» Exercise details
Ignoring the pictures, copy the data exactly.

» Available data
↓
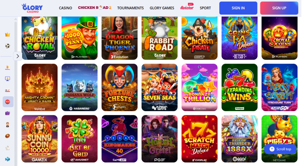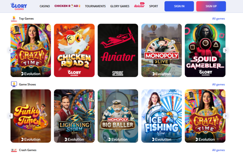 At Glory Casino, you’ll find a large game collection and a simple search system. Everything is neatly organized into categories — Slots, Top games, Game shows, Crash games, Table games, Arcade, Lottery, Keno, and more. Even beginners can easily choose a game that suits their interests on their very first visit. For convenience, there is also a quick search by game title or provider.
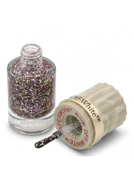 Glitter Pixel Acid Matter Top nail polish from Off-White featuring big multireflexed glitter.
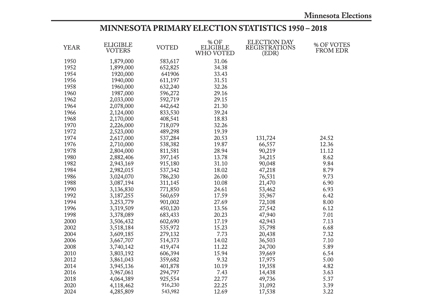 Looking at just 2020 and 2024, one may ask: How was it possible for less people to have voted (3,272,414 versus 3,292,997) while there were almost 300,000 (296,287) additional same-day voter registrations? (A separate issue is whether the most recent census is even accurate; separate from that, is 4,285,809 a realistic voting age population number from which to derive the percent of eligible voters?)
↑
» Result for this exercise
 At Glory Casino, you’ll find a large game collection and a simple search system. Everything is neatly organized into categories — Slots, Top games, Game shows, Crash games, Table games, Arcade, Lottery, Keno, and more. Even beginners can easily choose a game that suits their interests on their very first visit. For convenience, there is also a quick search by game title or provider.
 Glitter Pixel Acid Matter Top nail polish from Off-White featuring big multireflexed glitter.
 Looking at just 2020 and 2024, one may ask: How was it possible for less people to have voted (3,272,414 versus 3,292,997) while there were almost 300,000 (296,287) additional same-day voter registrations? (A separate issue is whether the most recent census is even accurate; separate from that, is 4,285,809 a realistic voting age population number from which to derive the percent of eligible voters?)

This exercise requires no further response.